**Data excerpts**
◇ ◇ ◇ ◇ ◇
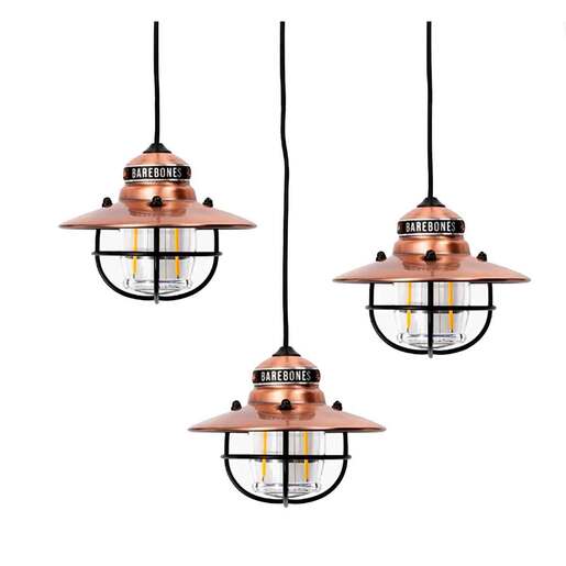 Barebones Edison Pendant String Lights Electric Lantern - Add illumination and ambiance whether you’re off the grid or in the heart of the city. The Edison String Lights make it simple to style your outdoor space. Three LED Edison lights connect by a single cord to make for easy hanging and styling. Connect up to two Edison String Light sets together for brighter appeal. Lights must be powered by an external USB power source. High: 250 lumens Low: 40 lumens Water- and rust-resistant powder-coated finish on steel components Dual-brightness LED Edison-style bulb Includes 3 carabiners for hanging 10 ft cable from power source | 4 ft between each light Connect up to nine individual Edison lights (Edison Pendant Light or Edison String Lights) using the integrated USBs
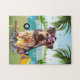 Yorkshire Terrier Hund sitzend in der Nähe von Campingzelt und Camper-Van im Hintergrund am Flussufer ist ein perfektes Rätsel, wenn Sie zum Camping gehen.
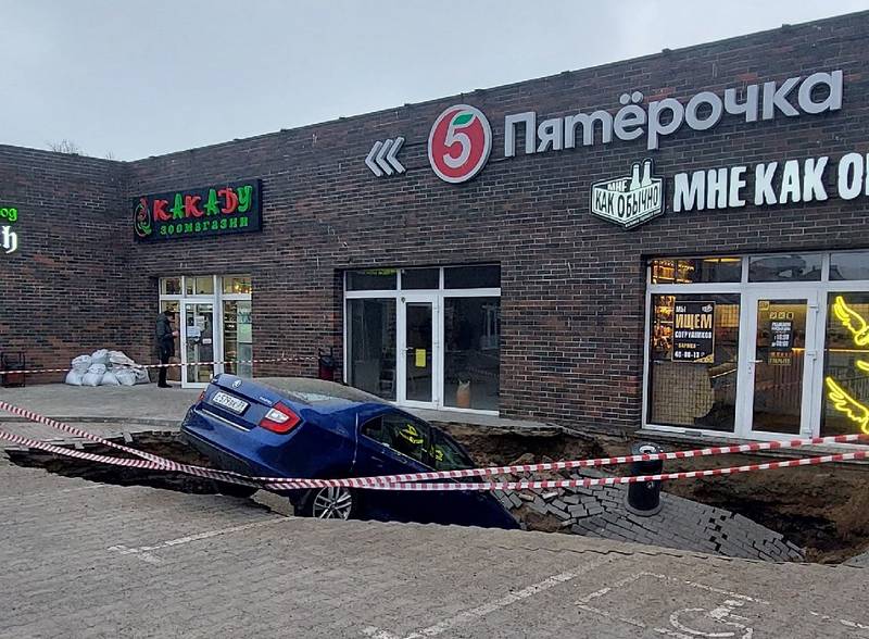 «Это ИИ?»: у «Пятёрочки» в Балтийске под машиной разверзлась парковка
◇ ◇ ◇ ◇ ◇
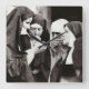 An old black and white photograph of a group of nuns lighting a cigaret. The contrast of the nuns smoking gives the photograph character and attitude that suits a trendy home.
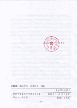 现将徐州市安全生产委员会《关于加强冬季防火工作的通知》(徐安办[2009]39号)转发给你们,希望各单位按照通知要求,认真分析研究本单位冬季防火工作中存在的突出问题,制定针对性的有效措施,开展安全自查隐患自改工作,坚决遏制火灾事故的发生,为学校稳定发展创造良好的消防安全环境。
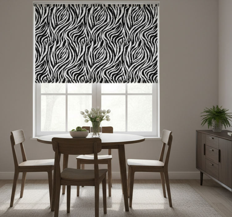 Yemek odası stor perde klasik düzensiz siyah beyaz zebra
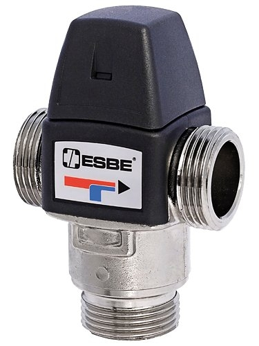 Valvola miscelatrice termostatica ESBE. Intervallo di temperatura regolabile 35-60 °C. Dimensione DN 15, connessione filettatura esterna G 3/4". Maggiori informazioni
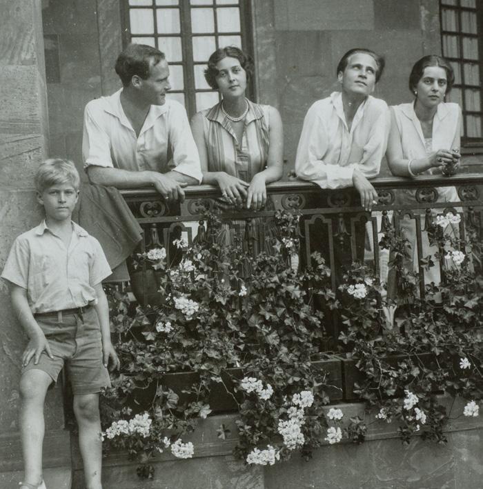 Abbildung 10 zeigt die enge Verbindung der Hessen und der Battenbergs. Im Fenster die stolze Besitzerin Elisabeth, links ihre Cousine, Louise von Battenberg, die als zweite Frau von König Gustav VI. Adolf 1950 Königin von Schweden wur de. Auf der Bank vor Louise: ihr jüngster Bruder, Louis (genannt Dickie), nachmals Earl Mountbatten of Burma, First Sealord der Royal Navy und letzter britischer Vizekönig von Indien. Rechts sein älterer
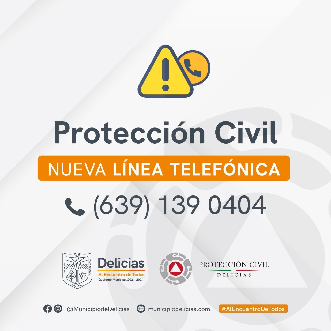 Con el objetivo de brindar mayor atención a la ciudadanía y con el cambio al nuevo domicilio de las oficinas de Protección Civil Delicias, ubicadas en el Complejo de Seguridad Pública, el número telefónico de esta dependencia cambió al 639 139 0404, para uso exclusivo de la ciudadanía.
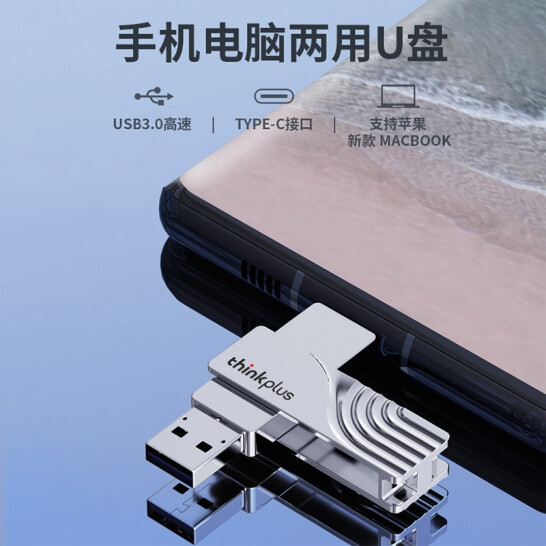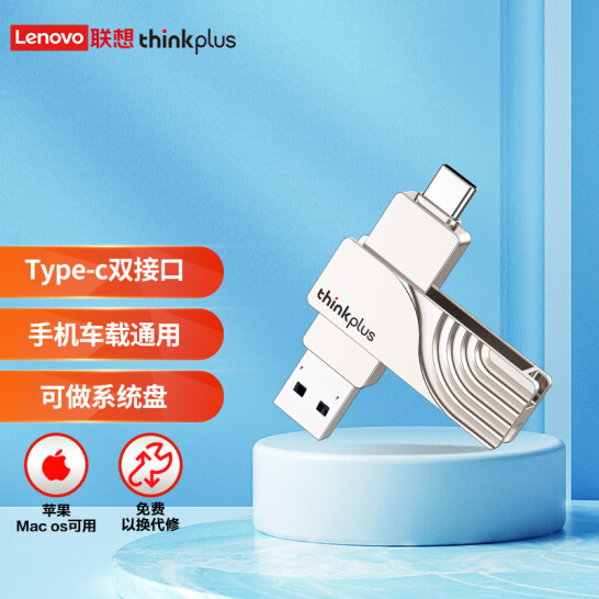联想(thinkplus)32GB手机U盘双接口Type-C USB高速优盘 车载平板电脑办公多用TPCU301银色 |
◇ ◇ ◇ ◇ ◇
**Prompt**
Exercise for the records above: copy only the lines from the one with "An old black" to the one with "Valvola miscelatrice termostatica", both ends kept, and drop the pictures.

**Answer space**
 An old black and white photograph of a group of nuns lighting a cigaret. The contrast of the nuns smoking gives the photograph character and attitude that suits a trendy home.
 现将徐州市安全生产委员会《关于加强冬季防火工作的通知》(徐安办[2009]39号)转发给你们,希望各单位按照通知要求,认真分析研究本单位冬季防火工作中存在的突出问题,制定针对性的有效措施,开展安全自查隐患自改工作,坚决遏制火灾事故的发生,为学校稳定发展创造良好的消防安全环境。
 Yemek odası stor perde klasik düzensiz siyah beyaz zebra
 Valvola miscelatrice termostatica ESBE. Intervallo di temperatura regolabile 35-60 °C. Dimensione DN 15, connessione filettatura esterna G 3/4". Maggiori informazioni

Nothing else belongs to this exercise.